Every line below between the one holding "鼻緒を挟むスリットが付いてお" and the one holding "Ucapkan âAku mencintaimuâ", inclusive, should be copied exactly, and no other line.

[Records to process]
......

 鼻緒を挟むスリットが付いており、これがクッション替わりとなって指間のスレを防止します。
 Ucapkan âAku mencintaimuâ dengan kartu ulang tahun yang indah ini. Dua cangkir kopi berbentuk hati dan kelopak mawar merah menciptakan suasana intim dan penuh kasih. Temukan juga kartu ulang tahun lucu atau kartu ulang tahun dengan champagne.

......

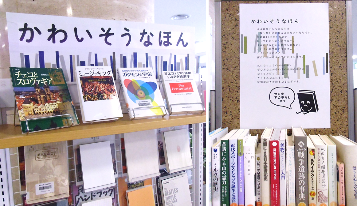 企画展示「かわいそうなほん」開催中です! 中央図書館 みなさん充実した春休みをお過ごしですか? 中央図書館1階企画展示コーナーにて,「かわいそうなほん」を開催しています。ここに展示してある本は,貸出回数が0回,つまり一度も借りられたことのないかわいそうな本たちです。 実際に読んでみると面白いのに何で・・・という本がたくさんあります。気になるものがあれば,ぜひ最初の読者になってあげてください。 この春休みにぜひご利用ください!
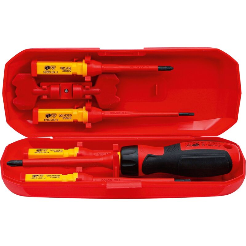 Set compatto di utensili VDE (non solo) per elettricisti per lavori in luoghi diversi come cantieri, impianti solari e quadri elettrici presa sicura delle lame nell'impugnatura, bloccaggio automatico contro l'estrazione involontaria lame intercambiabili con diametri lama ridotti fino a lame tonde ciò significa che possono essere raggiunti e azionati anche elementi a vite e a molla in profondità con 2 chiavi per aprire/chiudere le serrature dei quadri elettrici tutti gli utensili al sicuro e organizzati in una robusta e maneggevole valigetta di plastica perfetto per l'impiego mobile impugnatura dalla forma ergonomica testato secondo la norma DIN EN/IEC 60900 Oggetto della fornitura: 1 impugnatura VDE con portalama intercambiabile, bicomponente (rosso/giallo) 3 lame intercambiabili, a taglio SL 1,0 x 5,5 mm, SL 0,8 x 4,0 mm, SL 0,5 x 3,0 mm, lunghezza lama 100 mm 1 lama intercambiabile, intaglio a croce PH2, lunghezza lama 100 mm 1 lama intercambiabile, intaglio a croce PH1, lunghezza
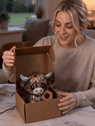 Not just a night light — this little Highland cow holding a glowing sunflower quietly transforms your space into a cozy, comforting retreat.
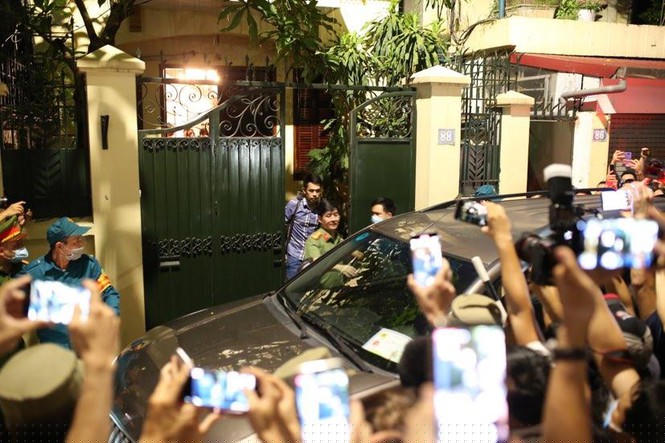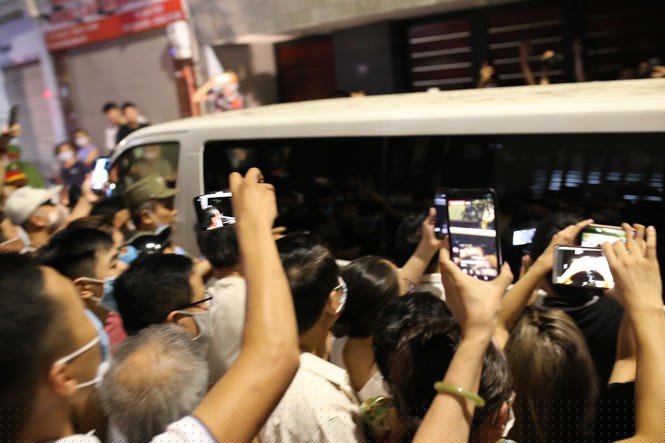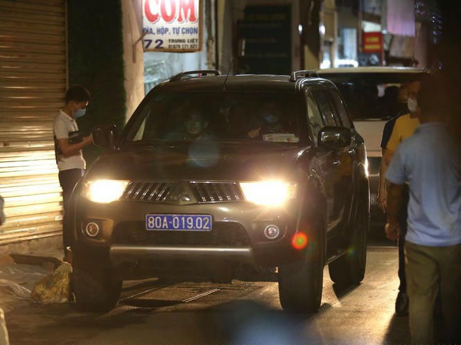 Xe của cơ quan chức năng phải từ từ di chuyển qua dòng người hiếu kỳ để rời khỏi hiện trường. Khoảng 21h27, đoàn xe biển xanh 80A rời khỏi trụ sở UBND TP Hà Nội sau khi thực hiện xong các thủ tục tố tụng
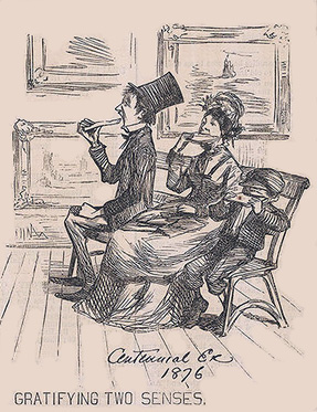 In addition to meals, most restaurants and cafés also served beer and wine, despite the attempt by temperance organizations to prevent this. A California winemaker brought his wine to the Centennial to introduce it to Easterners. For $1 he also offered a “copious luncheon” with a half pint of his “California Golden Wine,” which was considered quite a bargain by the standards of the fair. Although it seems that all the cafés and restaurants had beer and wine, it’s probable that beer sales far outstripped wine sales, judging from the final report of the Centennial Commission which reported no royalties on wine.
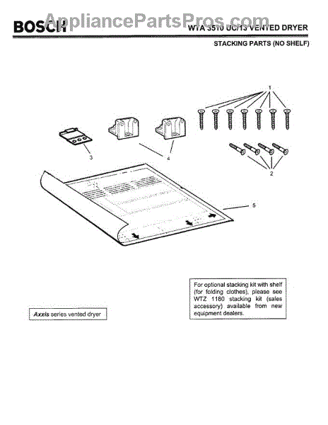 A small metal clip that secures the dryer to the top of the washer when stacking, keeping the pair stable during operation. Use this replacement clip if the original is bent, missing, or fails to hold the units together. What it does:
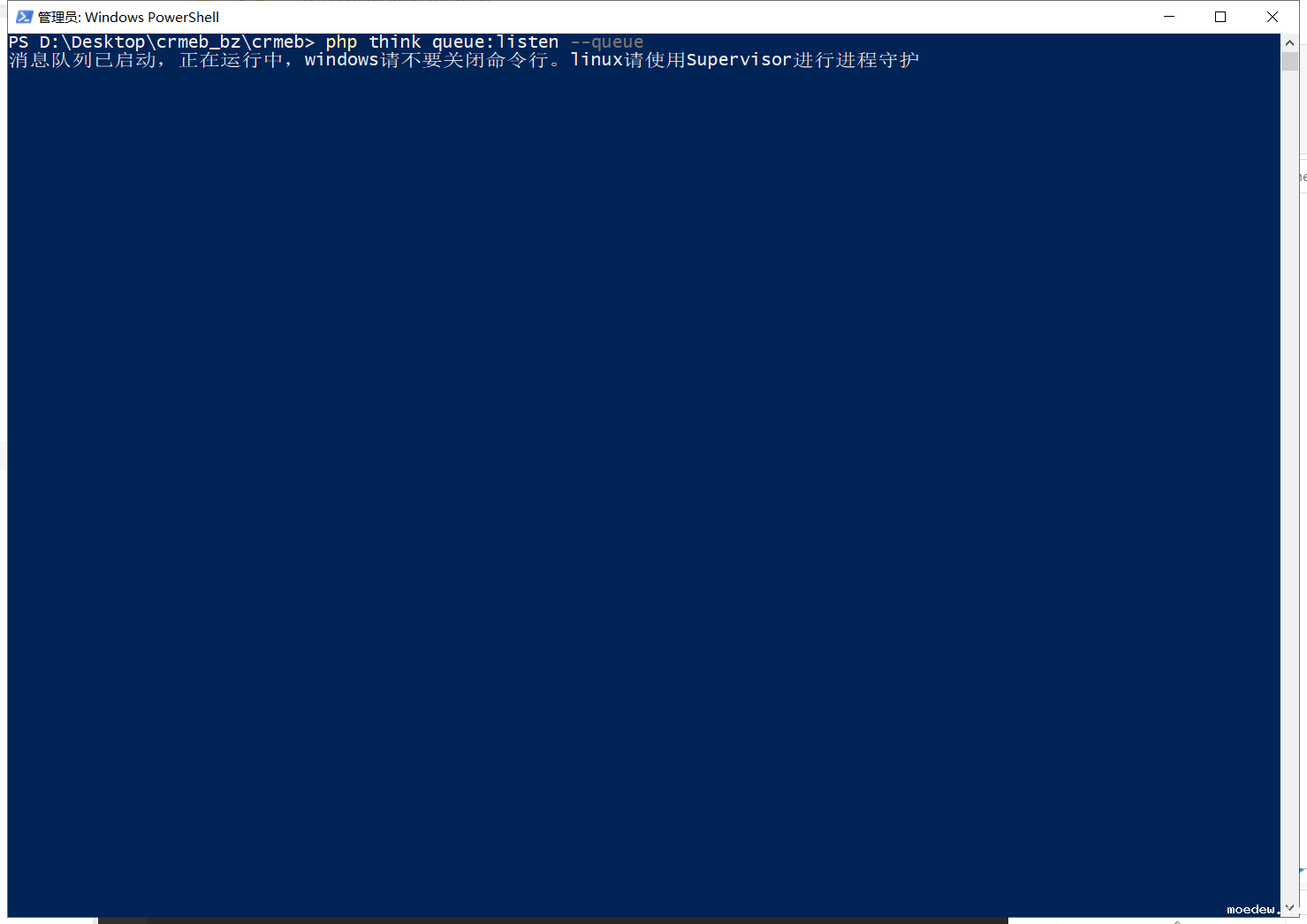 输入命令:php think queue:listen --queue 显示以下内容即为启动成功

......

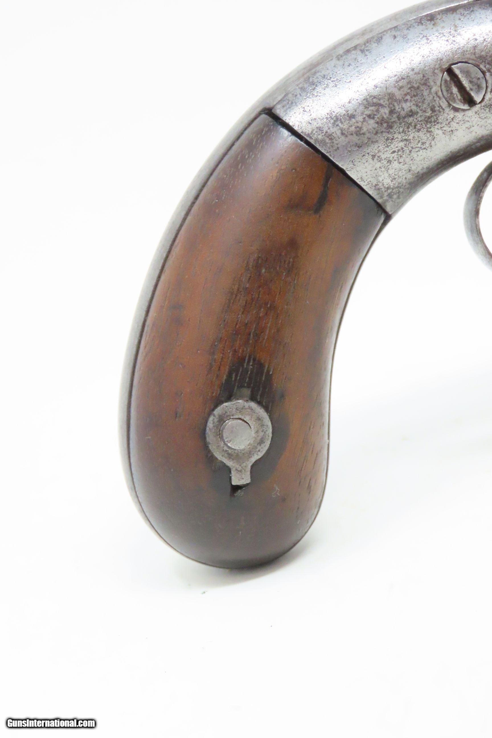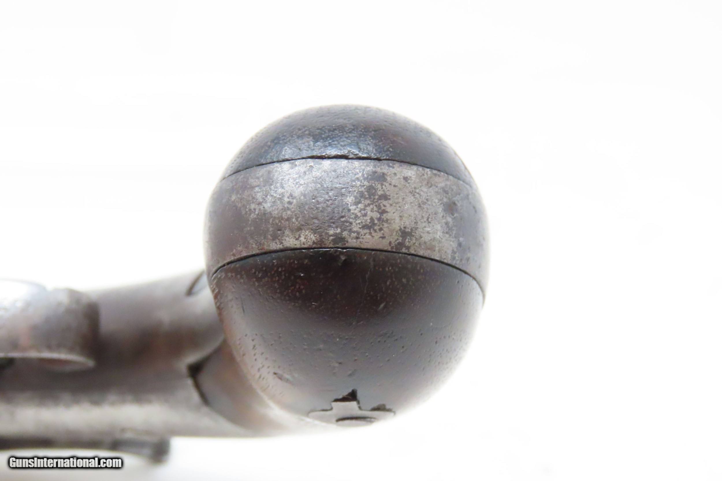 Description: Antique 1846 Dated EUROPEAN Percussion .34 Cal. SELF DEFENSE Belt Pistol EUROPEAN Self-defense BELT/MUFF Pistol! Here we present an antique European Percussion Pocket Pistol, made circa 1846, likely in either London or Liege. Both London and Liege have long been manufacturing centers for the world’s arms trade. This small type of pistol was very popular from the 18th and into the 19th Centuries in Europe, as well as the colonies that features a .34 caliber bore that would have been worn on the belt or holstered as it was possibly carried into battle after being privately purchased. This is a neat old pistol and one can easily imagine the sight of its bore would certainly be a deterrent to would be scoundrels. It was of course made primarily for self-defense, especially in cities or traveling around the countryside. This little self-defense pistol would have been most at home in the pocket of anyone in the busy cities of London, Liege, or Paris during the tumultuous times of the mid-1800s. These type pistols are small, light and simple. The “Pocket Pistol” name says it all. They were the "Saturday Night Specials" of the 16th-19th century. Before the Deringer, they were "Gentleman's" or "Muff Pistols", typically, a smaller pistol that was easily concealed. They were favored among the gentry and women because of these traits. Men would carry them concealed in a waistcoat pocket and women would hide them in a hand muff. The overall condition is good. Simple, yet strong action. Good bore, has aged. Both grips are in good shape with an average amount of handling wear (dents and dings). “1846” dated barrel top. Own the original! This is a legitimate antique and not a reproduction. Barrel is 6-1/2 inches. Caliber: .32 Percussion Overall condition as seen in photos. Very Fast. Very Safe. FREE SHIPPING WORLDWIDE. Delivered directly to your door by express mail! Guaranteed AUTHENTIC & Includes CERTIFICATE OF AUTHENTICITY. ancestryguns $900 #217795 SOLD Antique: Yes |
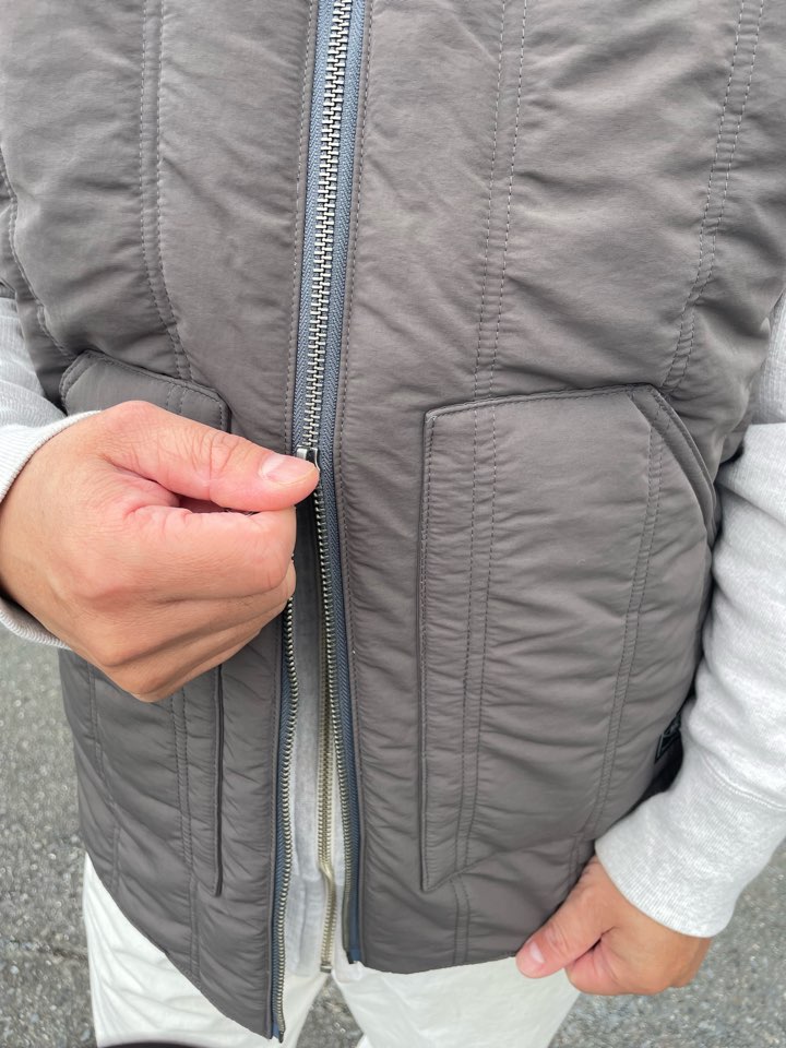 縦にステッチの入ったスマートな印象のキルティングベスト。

......

[Task output]
 鼻緒を挟むスリットが付いており、これがクッション替わりとなって指間のスレを防止します。
 Ucapkan âAku mencintaimuâ dengan kartu ulang tahun yang indah ini. Dua cangkir kopi berbentuk hati dan kelopak mawar merah menciptakan suasana intim dan penuh kasih. Temukan juga kartu ulang tahun lucu atau kartu ulang tahun dengan champagne.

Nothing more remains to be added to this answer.